Robert Bringhurst

book-bringhurst-nine

Griffin Poetry Prize 2001
Canadian Shortlist

Book: Nine Visits to the Mythworld

Translator: Robert Bringhurst

Poet: Ghandl of the Qayahl Llaanas

Publisher: Douglas & McIntyre Ltd., University of Nebraska (USA)

Click here to read and listen to an excerpt.

robert-bringhurst

Biography

Robert Bringhurst is one of Canada’s most respected poets, one of its most probing cultural historians, a skilled linguist who has worked for many years with Native American texts and author of Story as Sharp as a Knife, Volume 1 of the trilogy: Masterworks of the Classical Haida. He translated Nine Visits to the Mythworld from Haida, originally phonetically transcribed by a young American anthropologist on the Northwest Coast of North America in 1900. Among the legendary mythtellers was a blind man in his fifties by the name of Ghandl.

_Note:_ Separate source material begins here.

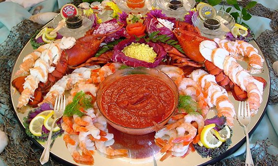 Seafood platters with lobster, crab, and prawns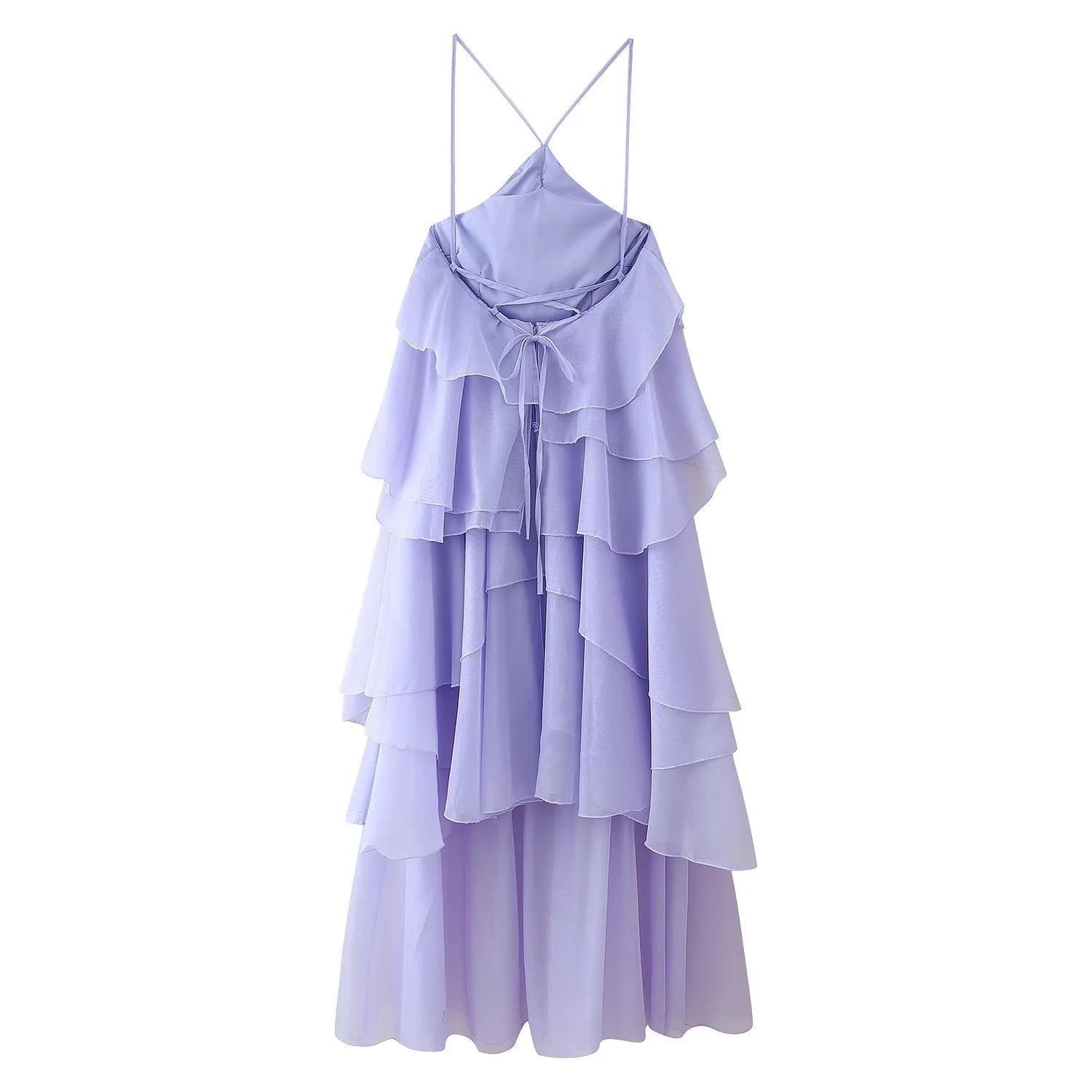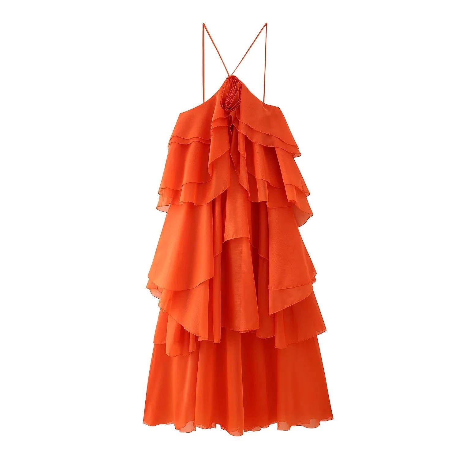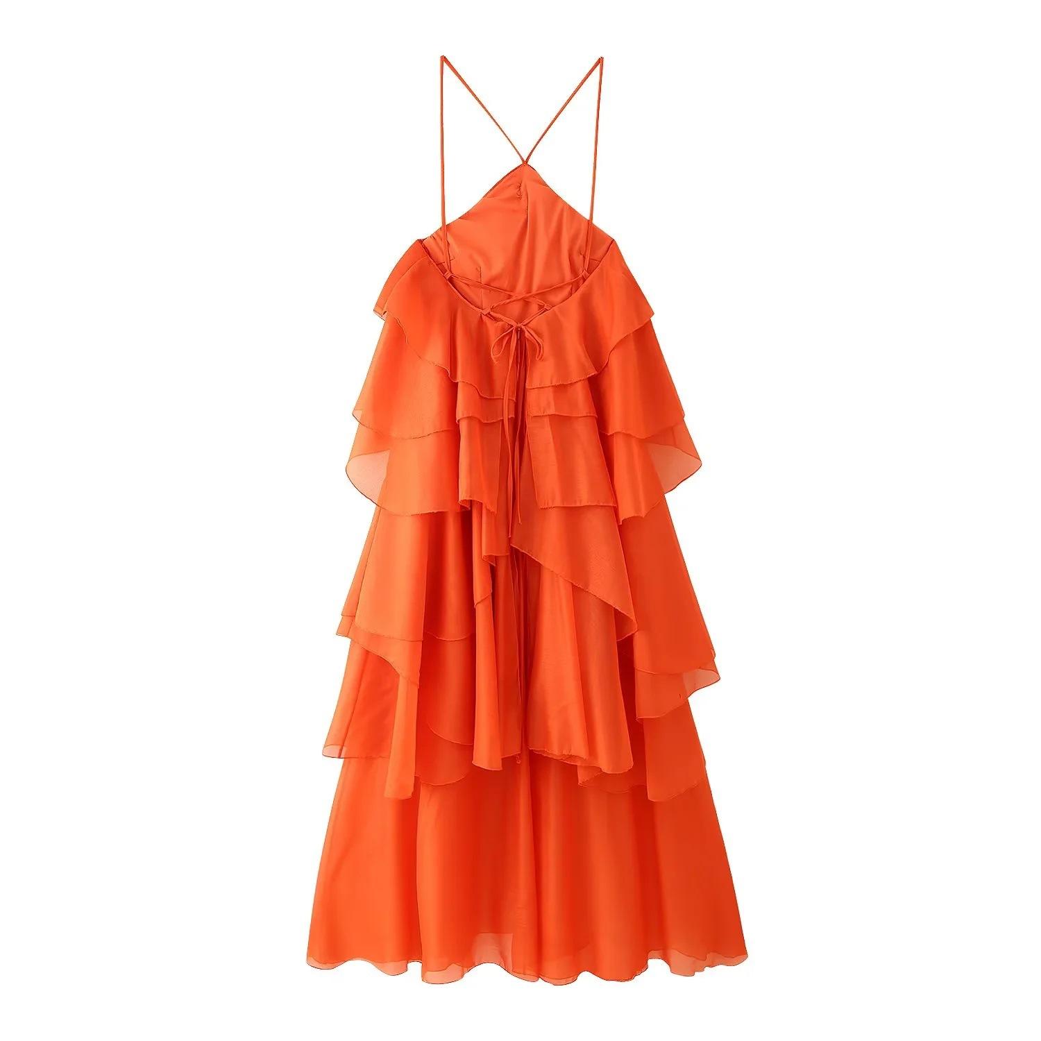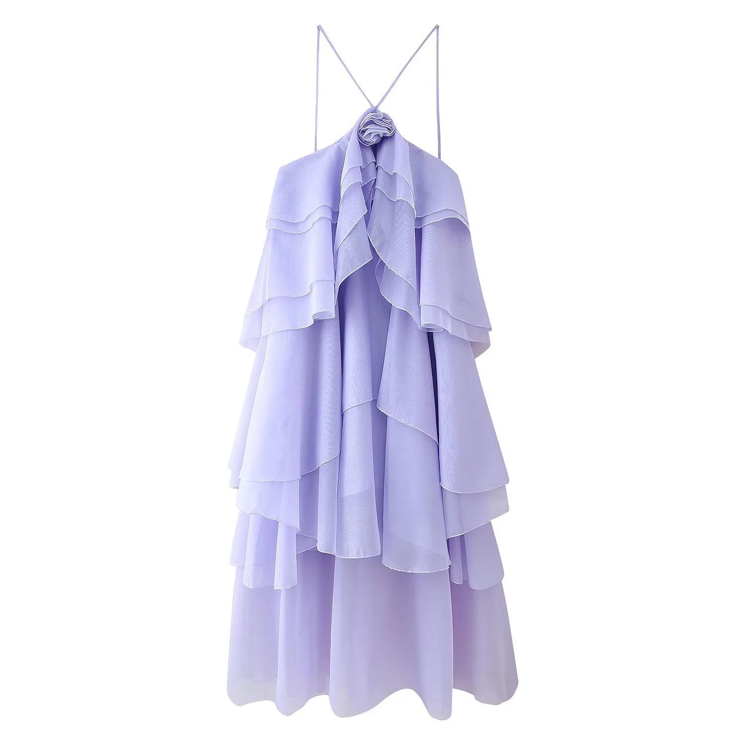 Ropa de Mujer Estilo Europeo y Americano Comercio Exterior Transfronterizo Tendencia de Moda Popular Fiesta Multicolor Cuello Halter Volantes Vestido Pomposo

Robert Bringhurst’s book The Solid Form of Language (Gaspereau Press) delved into the creative tensions between oral language and written script. His 2006 and 2007 books The Tree of Meaning: Thirteen Talks and Everywhere Being is Dancing: Twenty Pieces of Thinking contemplate the connections between poetry, language, nature and philosophy.

See also: To celebrate the Griffin appearances at Poetry International in 2004, The Times Literary Supplement published new poems by Robert Bringhurst, Margaret Atwood, Anne Simpson and August Kleinzahler in their October 22nd issue. Enjoy those poems here.

Judges’ Citation

“For most readers, Nine Visits to the Mythworld will be a revelation. These sophisticated narrative poems by Haida mythteller Ghandl come from an unfamiliar imaginative world, studied by specialists more for its anthropological interest than its artistry. Robert Bringhurst’s sinewy language and acute formal intelligence now reveal poetry of vivacity and stature, which can be enjoyed as a cultural treasure.”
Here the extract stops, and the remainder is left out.